** Recorded information **
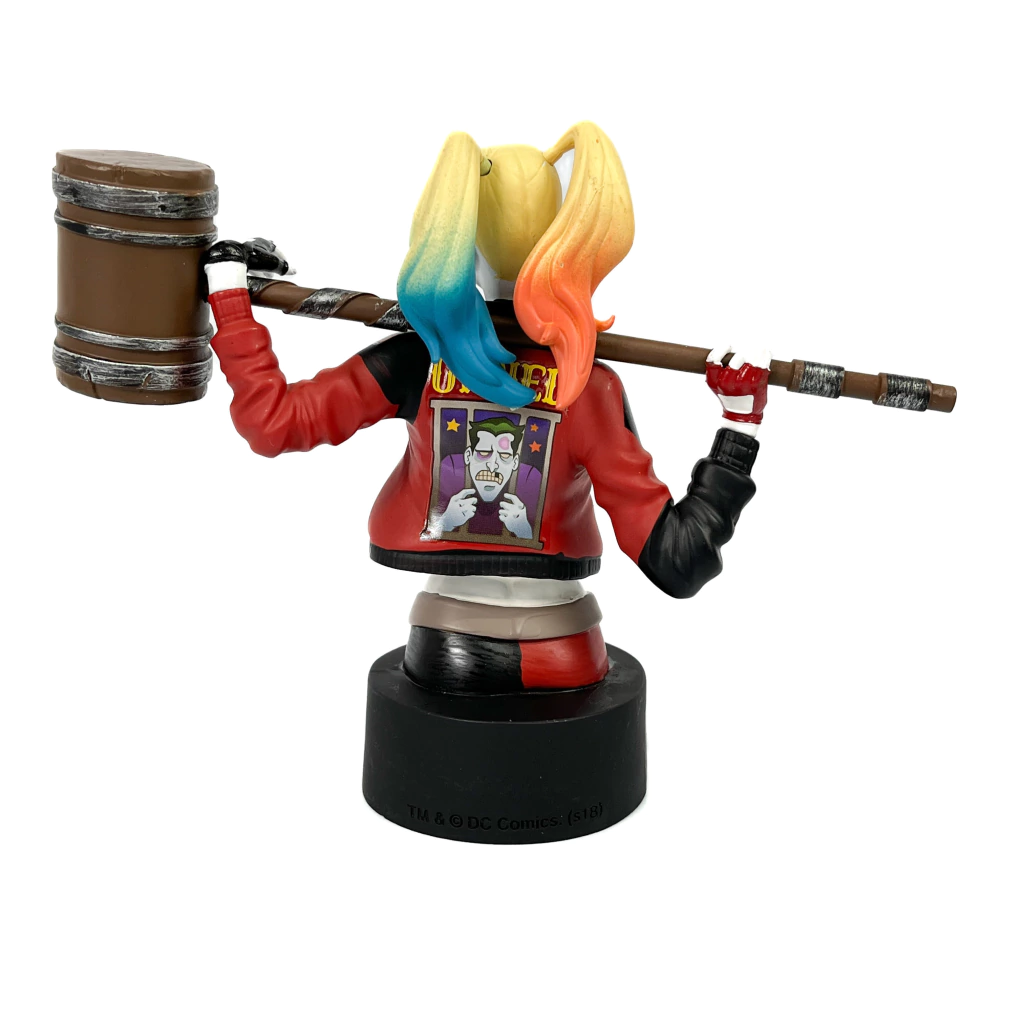 Parceira acrobática e obsessiva tanto no crime como no amor pelo Coringa, Arlequina é o mais novo busto na coleção Batman Universe Bust.
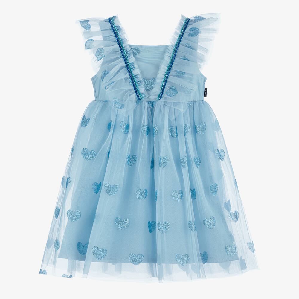 A wonderful pale blue party dress for girls by Australian brand Rock Your Baby, made in layers of lightweight tulle with a full, gathered skirt. It sparkles with a glittery blue heart print and contrasting blue tape on the pleated ruffles over the shoulders. The dress is fully lined in cotton for comfort and fastens with a concealed zip on the back.
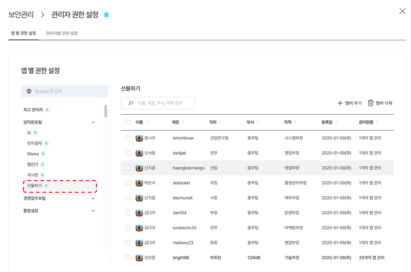 - 통합설정 > 보안관리 > 관리자 권한 설정 > 앱 별 권한설정에서, 임직원포털 > [선물하기] 클릭

** Work order **
Restate the listing word for word, pictures omitted.

** Output of the task **
 Parceira acrobática e obsessiva tanto no crime como no amor pelo Coringa, Arlequina é o mais novo busto na coleção Batman Universe Bust.
 A wonderful pale blue party dress for girls by Australian brand Rock Your Baby, made in layers of lightweight tulle with a full, gathered skirt. It sparkles with a glittery blue heart print and contrasting blue tape on the pleated ruffles over the shoulders. The dress is fully lined in cotton for comfort and fastens with a concealed zip on the back.
 - 통합설정 > 보안관리 > 관리자 권한 설정 > 앱 별 권한설정에서, 임직원포털 > [선물하기] 클릭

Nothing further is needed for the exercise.